The surest indication that this show isn't just a sugar bowl: The dog Sandy virtually disappears after only a couple of scenes.

When Annie is returned to the orphanage after running away, she seems to forget about Sandy. True, the dog inexplicably reappears for the happy ending. But generally Tootsie--the dog that portrays Sandy here--is restricted to a mere cameo. (She must realize this. "Refusing to be typecast as a dog," notes her program bio, "she plans to portray Blanche DuBois.")

This doesn't discount the sentiment that exists in "Annie." The initial test of whether you're seeing a solid "Annie" is how you feel when you hear that first ascending line of Annie's first song, "Maybe," in which the poor orphan fantasizes about what her parents might be like.

When this production's Adrienne Stiefel sang it at the Pasadena Civic Auditorium, where "Annie" played before it came to Costa Mesa, I felt a tingle. Stiefel has the pipes and the presence to create such moments.

Wyler's Miss Hannigan is a festival of smarmy looks and throbbing headaches. Watch those hands try to lure lovers into her life and little girls to their doom. She's a hoot.

In casting Warbucks, his secretary Grace and FDR, director Gary Davis returned to the actors he used at Long Beach Civic Light Opera in 1985--and all three couldn't be better. Schuck has one the most pugnacious visages in Hollywood, but those who have seen him only on screen may not be aware of his golden baritone. His Warbucks, polished during 18 months on Broadway, is irresistible.

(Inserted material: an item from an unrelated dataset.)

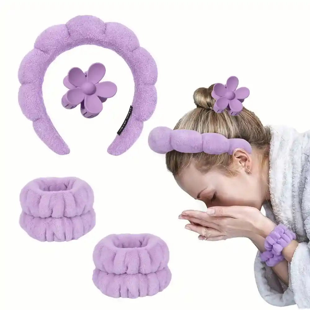 Set de Balaca Acolchada Puffy para Skincare – Suave, Cómoda y Elegante Incluye: 1 set de balaca acolchada, muñequeras antigoteo y caimán en color lila. Disfruta de tu rutina de cuidado facial con total comodidad gracias a esta balaca acolchada para skincare, diseñada para mantener el cabello perfectamente recogido mientras aplicas tus productos favoritos. Su textura suave y esponjosa es ideal para uso diario, maquillaje, limpieza facial, mascarillas, spa en casa o tratamientos de belleza. No aprieta, no maltrata el cabello y se adapta cómodamente a diferentes tamaños de cabeza. Características principales: - Material suave y acolchado, agradable al tacto - Diseño ergonómico tipo burbuja - No deja marcas ni genera presión - Ideal para skincare, maquillaje y rutinas de belleza - Fácil de lavar y de secado rápido - Apta para todo tipo de cabello Un accesorio imprescindible para tu rutina diaria de belleza. Compra ahora y eleva tu experiencia de skincare con comodidad y estilo. En Lifeglow Store, iluminamos tu vida con productos que inspiran y potencian tu bienestar.

Lisa Robinson's Grace is brimming with no-nonsense verve, and Tom Hatten's FDR cheerfully tries to inspire his grumpy country.

By the way, most children probably haven't heard of FDR, let alone the other New Dealers in the script. The period is treated with care, to the extent that a lyric refers to "Fred and Adele" (Astaire's sister, who was his original partner before he was teamed with Ginger Rogers for the movies).

This isn't a totally accessible show for children. But it moves well, under the musical direction of Jeff Rizzo, and there is plenty to keep eyes and ears occupied, including a glittering Christmas tree.